Wednesday, November 13, 2013

11: A Sisyphean Grammar

I just perused the textbook closet for the English department here at school. Here’s what I found:
  • Every textbook marked “English Communication Course” was actually just a reading course with a small bit of writing attached at the end of each 5-part chapter.
  • The grammar textbooks all used the same abbreviations: S, V, O, and C to show the grammar patterns of English. I could identify 主語 (S, subject), 動詞 (V, verb), and 目的語 (O, object), but I don’t remember ever learning about 補語 (C, complement).
  • If the grammar textbooks were battleships, they would be fearsomely well armed. They would not, however, float.
  • Because these grammar textbooks are filled to the brim with bits and bytes of grammar information, which the teacher is required to take into his or her beak, swallow and partially digest, and then regurgitate into the brains of his or her students.
  • The teacher is required to do this because the students are in high school for primarily two reasons, which are in order:
    1. To learn enough bits of information to pass periodic examinations culminating in the college entrance examination of the student’s choice, and
    2. To prepare the students to be mature, functioning adults.
  • The first requirement is satisfied by class, the second is satisfied by discipline in class and club activities.
  • (That’s overly simplistic and unfair, but this is a microblog not a book, so there.)
  • What is missing here is play. The students are sat down at the beginning of the year and set upload as many grammar rocks into their solid-state brains as time allows for. And after this ball gets rolling, the teachers are up to their necks in writing tests, correcting homework, and coaching their respective sports teams or clubs to make time to innovate.
  • And so the bland process continues until, occasionally, a teacher as a great idea that they manage to implement.
  • For myself, I’d like to approach things like my gym teacher used to do: give us the balls first and let us play around—afterwards there would be time for the teaching of technical details and the testing of specific skills. It might be a worthwhile idea to throw kids into the so-called “deep end” of untethered communication, and only afterward settle down and teach them the reasons they’re saying what they’re saying.

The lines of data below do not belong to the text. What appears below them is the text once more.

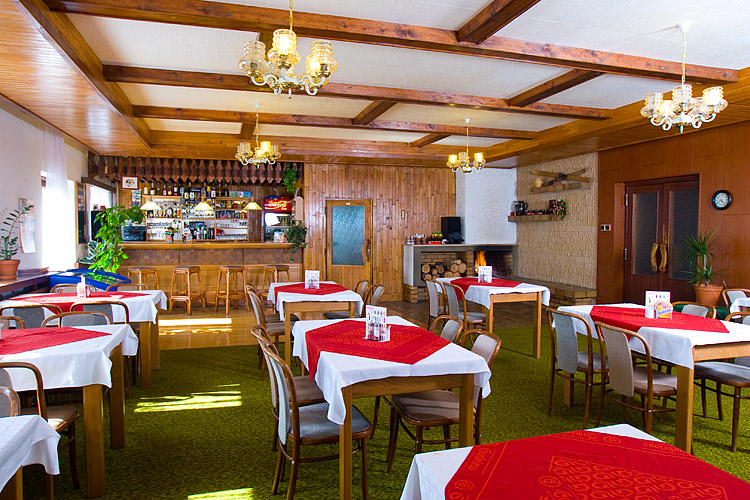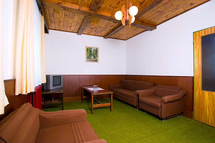 Velká společenská místnost, která slouží jako jídelna a restaurace pro ubytované hosty s celkovou kapacitou 40 míst. Menší salonek také s televizorem, je vyhrazen především pro kuřáky.
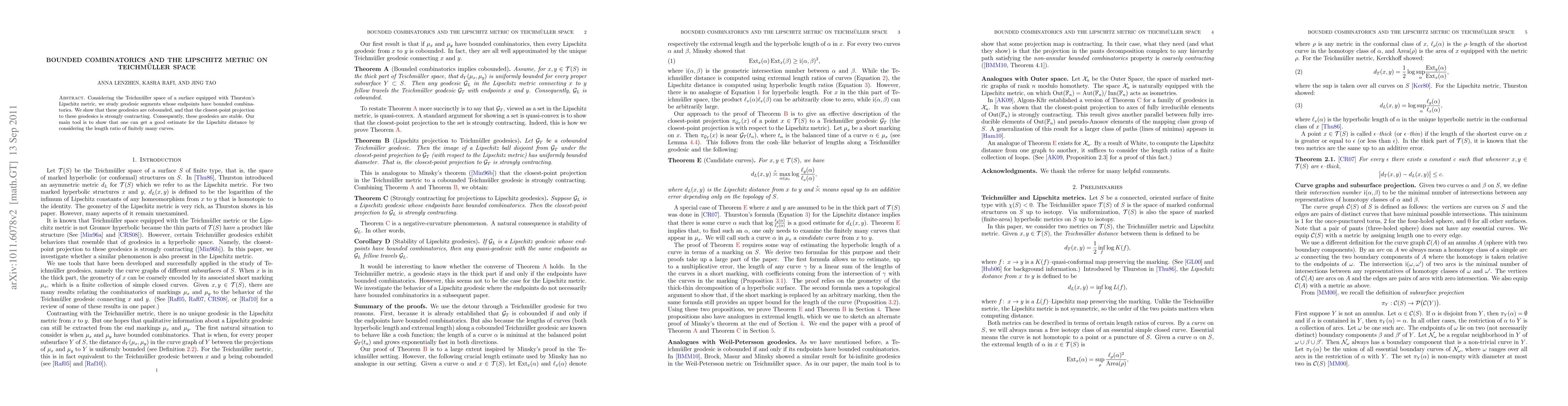 This paper studies geodesic segments in Teichm"uller space with bounded combinatorics, showing they are stable and have a strongly contracting closest-point projection.
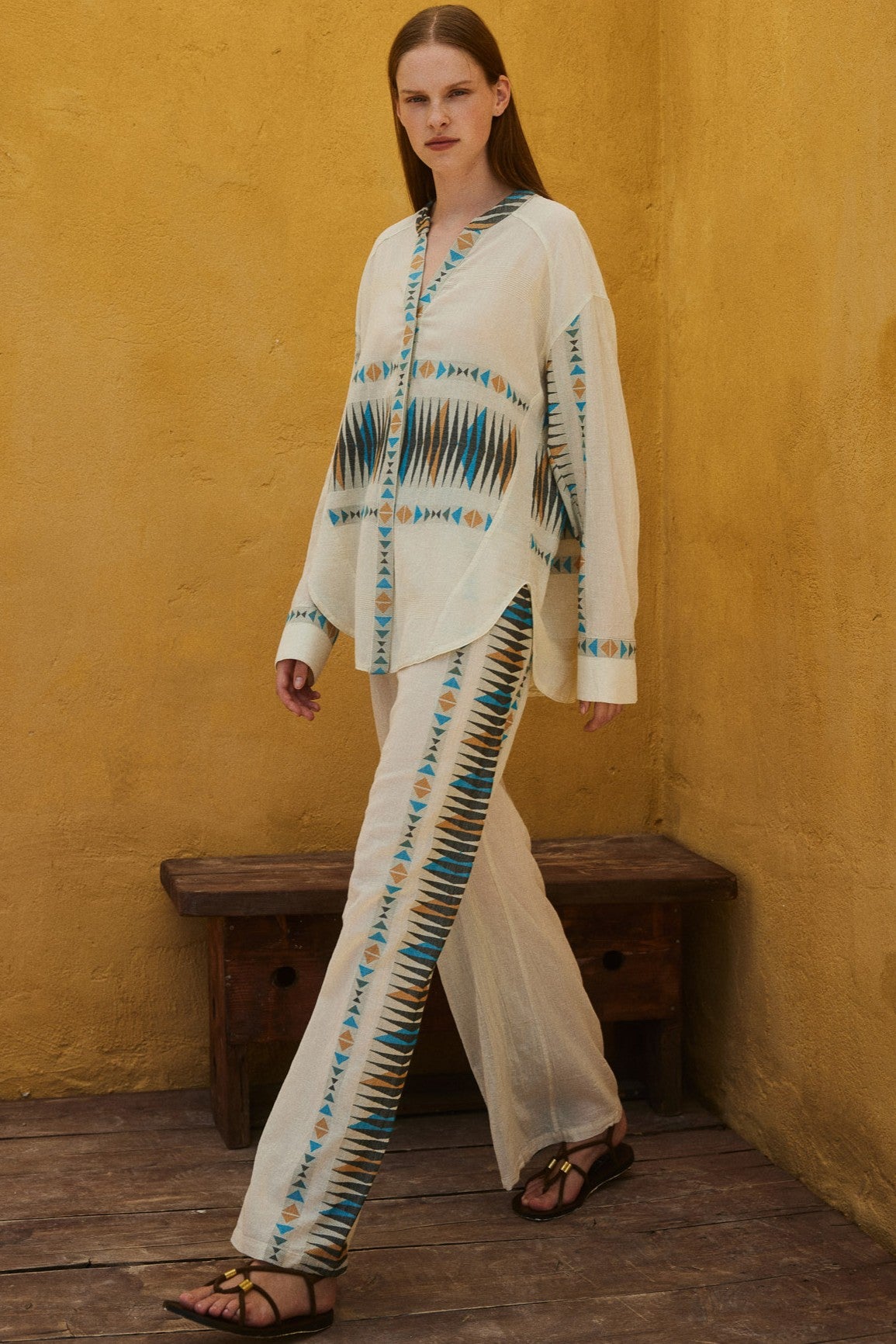 The Devotion Twins Iluma Pant is an effortless statement in soft, textured cotton, designed with a relaxed wide-leg silhouette that moves beautifully with every step. A hand-drawn geometric motif runs along the leg in warm blue and camel tones, adding a quietly graphic edge to the natural base. Light, breathable and thoughtfully cut, this style sits comfortably at the waist and falls with an easy elegance that works just as well barefoot on holiday as it does styled with sandals and a crisp shirt back home. An artful yet wearable piece that brings a sense of global craftsmanship to everyday dressing.
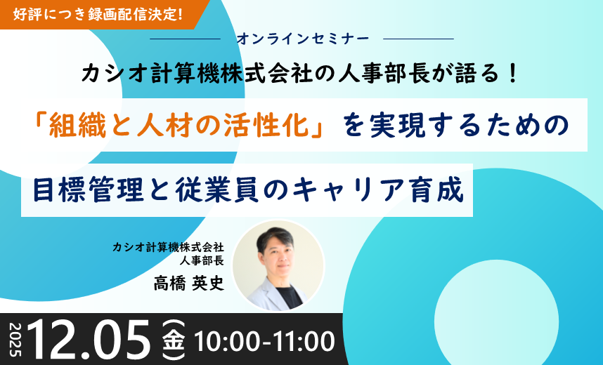 今回のウェビナーでは、カシオ計算機株式会社の人事部長の高橋氏より、カシオグループの人事制度のうち目標管理や従業員のキャリア育成に焦点をあて、「組織と人材の活性化」を実現するための方法についてご講演いただきます。
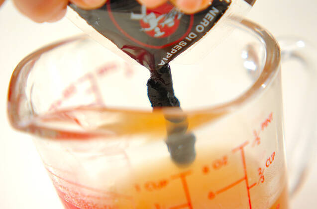 <スープ>の材料は合わせて、固形スープの素を煮溶かしておく。固形スープの素が溶けたらイカスミペーストと合わせておく。
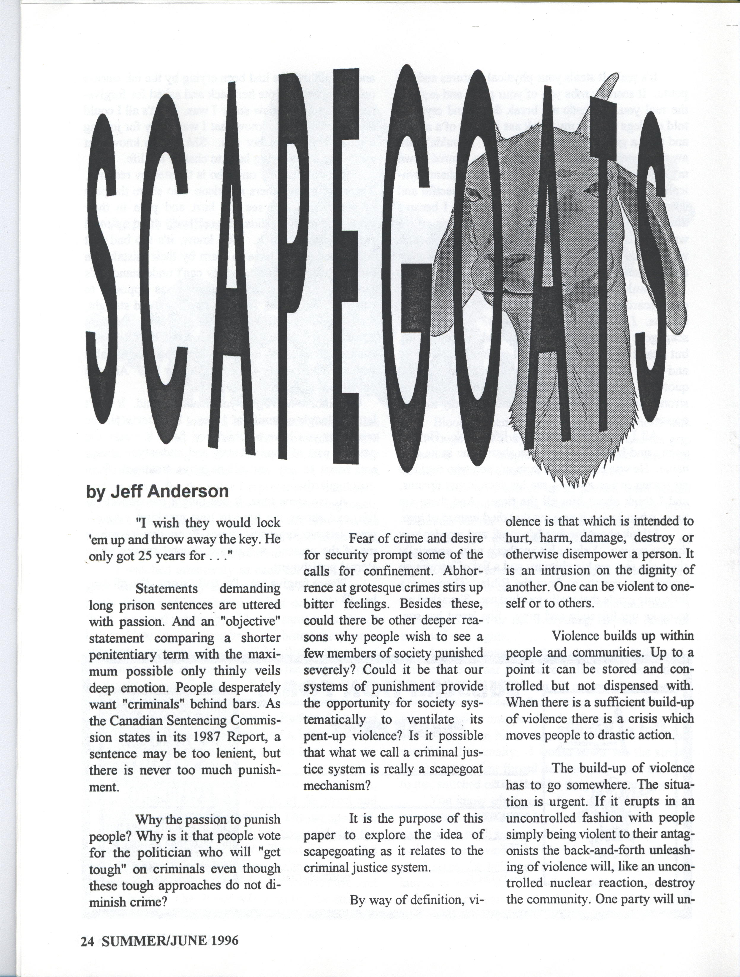 Article topics include: Tribute to Claire Culhane, Love and Rage, Around the PENinsula, Other Places, Primum Non Nocere, House of the Dead, Remorse, Scapegoats, Prison Mouse, and poetry.
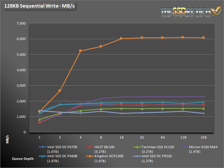 In contrast to its sequential read performance, during sequential write testing, the Intel DC P3520 performs magnificently. It averages 1,300MB/s from QD1 on, which is in line with its rated specification, and trails just behind the Techman XC100 1.6TB.
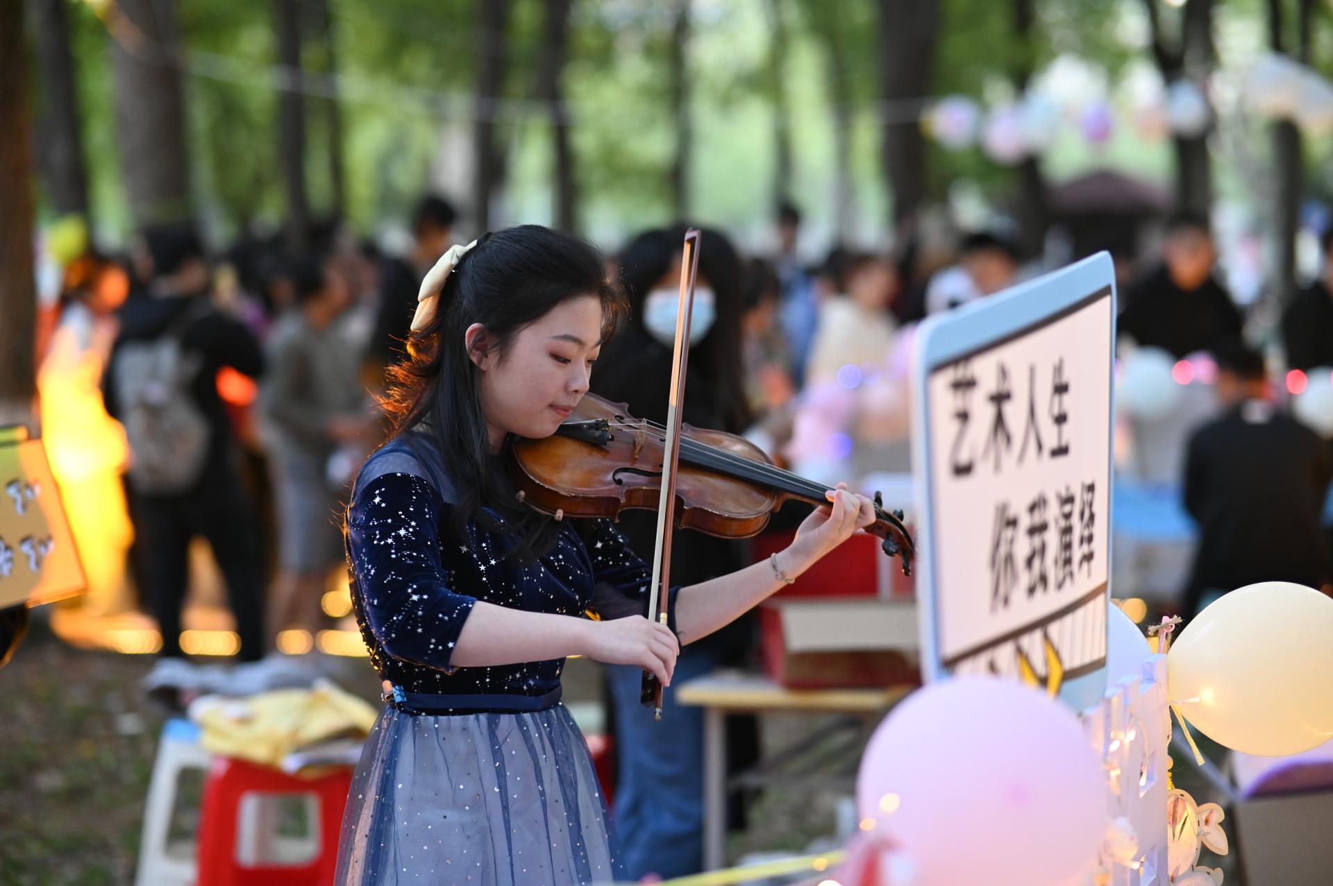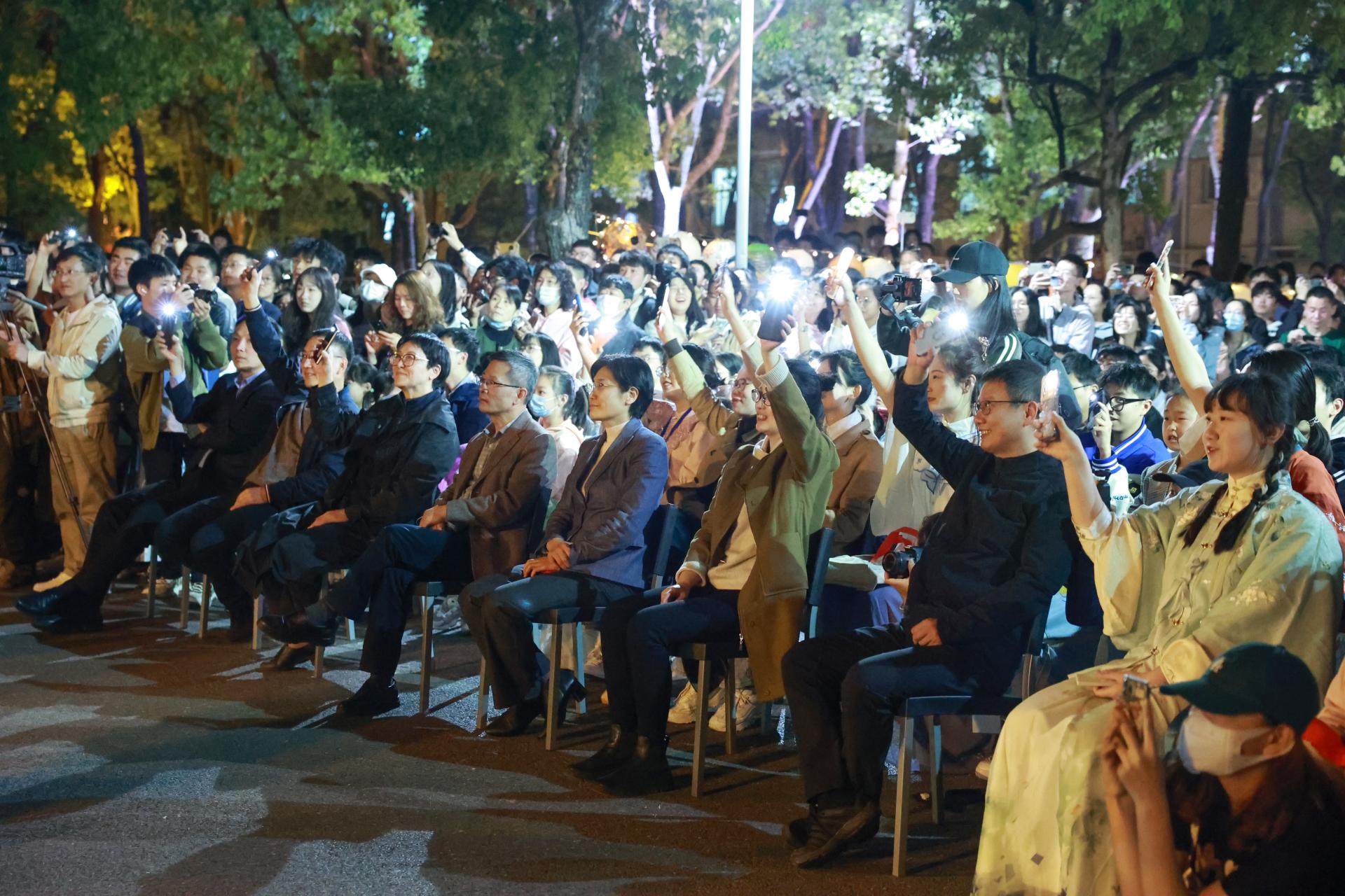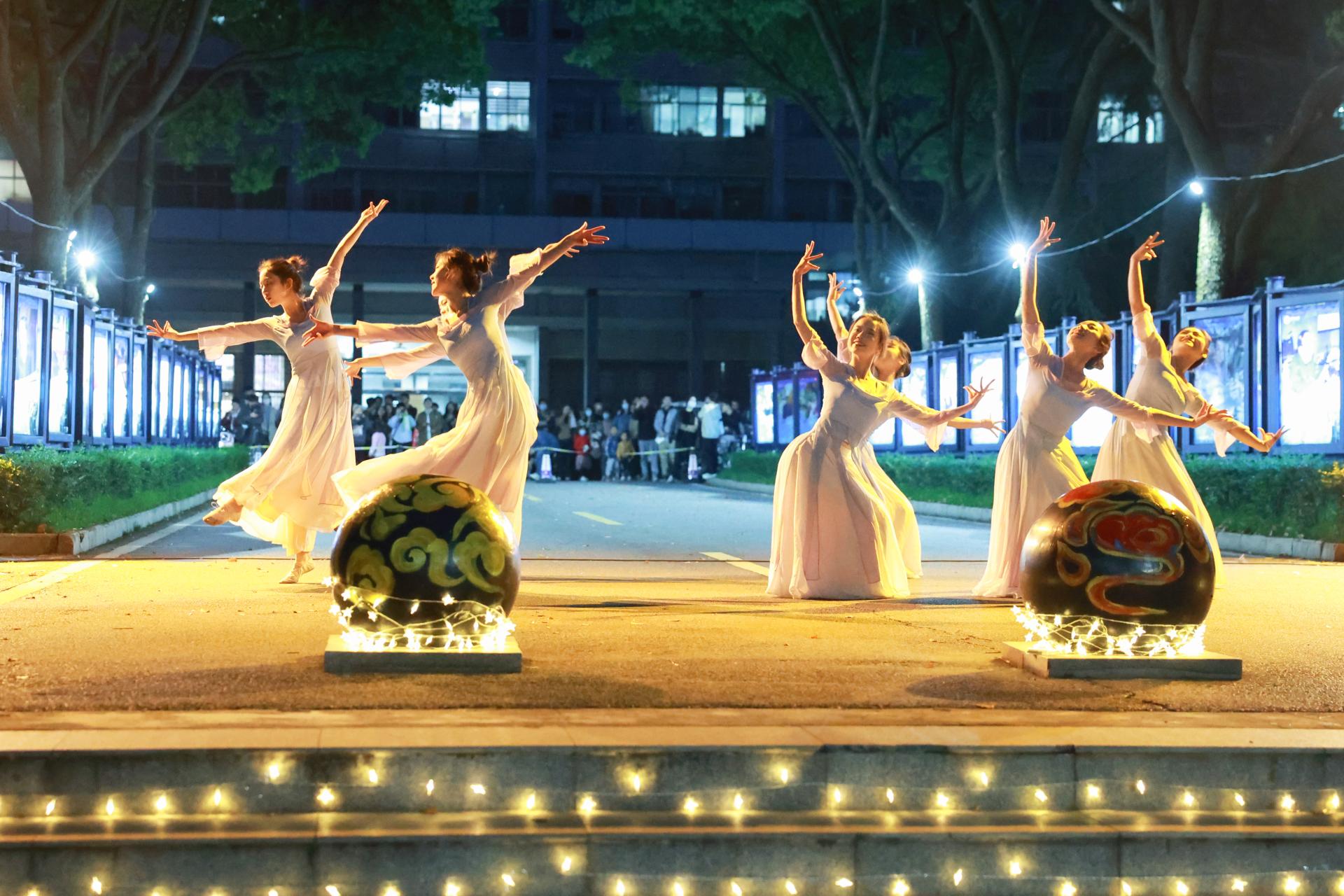 在院士长廊前,舞龙、舞蹈、汉服秀等精彩节目轮番上演;社团集市摊点前,灯谜、投壶、蹴鞠等互动项目热闹非凡;树林中,风格各异的造型景观让人目不暇接。灯火璀璨的夜晚,无尽的人潮涌动,处处载歌载舞、欢声笑语,在灯与影的交相辉映下,校园里活力四射。“好久没有参加过这样盛大的活动了,这才是大学校园生活应该有的样子!”同学们纷纷表示。

  • That might be considered madness in some circles. I mean, how can a student really know what they’re saying in a language they’ve never spoken before unless it’s taught to them specifically and in logical, laid-out stages?
  • We all learned our mother tongue this way, so I’d say it’s worth a shot. It would be incredibly difficult to plan a class around this method, but incorporating a few ideas here and there might be just the thing to restore a bit of fun (and the resultant motivation) into EFL classes around the country.